In 1608, aged only 17, he became a master in the Antwerp Guild of Saint Luke. In 1611 Seghers joined the Sodaliteit der Bejaarde Jongmans (Society of Bachelors of Age), a fraternity for bachelors established by the Jesuit order. The Society's membership consisted principally of citizens from the elite and wealthy middle classes including artists and merchants. Through their membership of the Society, artists were able to access an important network of contacts which could benefit their careers.

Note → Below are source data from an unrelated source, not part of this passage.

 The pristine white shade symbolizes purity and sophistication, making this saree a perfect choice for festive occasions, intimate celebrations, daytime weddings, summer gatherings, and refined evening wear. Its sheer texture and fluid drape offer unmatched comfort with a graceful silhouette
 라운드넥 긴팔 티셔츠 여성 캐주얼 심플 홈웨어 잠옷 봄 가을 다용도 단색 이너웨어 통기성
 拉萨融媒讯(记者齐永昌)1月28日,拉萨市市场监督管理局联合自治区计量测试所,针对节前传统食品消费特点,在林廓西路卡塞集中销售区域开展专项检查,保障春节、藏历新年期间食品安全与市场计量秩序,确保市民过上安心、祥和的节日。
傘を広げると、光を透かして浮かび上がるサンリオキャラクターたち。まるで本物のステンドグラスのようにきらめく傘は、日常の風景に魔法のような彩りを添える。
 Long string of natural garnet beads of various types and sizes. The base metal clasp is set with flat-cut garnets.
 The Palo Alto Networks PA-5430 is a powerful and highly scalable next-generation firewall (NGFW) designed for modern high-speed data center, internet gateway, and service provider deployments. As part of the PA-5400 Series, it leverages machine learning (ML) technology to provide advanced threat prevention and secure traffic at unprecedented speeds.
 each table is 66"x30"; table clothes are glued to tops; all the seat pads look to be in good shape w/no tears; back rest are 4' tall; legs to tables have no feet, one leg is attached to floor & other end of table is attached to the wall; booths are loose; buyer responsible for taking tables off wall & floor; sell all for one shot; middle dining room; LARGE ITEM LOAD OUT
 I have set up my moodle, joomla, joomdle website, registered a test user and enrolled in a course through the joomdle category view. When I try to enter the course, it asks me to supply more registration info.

He travelled to Italy where around 1611 he was in Naples working for the Spanish viceroy Pedro Fernández de Castro, Count of Lemos. He later moved to Rome where he worked for Cardinal Antonio Zapata y Cisneros and the Spanish ambassador. In Rome he encountered the followers of Caravaggio, who had himself died a few years before Seghers's arrival in Rome. One in particular, Bartolomeo Manfredi, had a significant impact on his early work. Manfredi was one of the closest followers of Caravaggio and was at the height of his fame when Seghers arrived in Rome. Seghers fell strongly under the spell of Manfredi's work. He likely also met the Dutch and Flemish Caravaggisti residing in Rome such as Gerard van Honthorst, Dirck van Baburen, and Jan Janssens, and possibly also Hendrik ter Brugghen and Theodoor Rombouts. He is believed to have worked on commissions for, and sent his works, to the Antwerp art merchants Goetkint. Seghers further used his stay in Italy to continue his training as a painter and make copies after famous Italian paintings.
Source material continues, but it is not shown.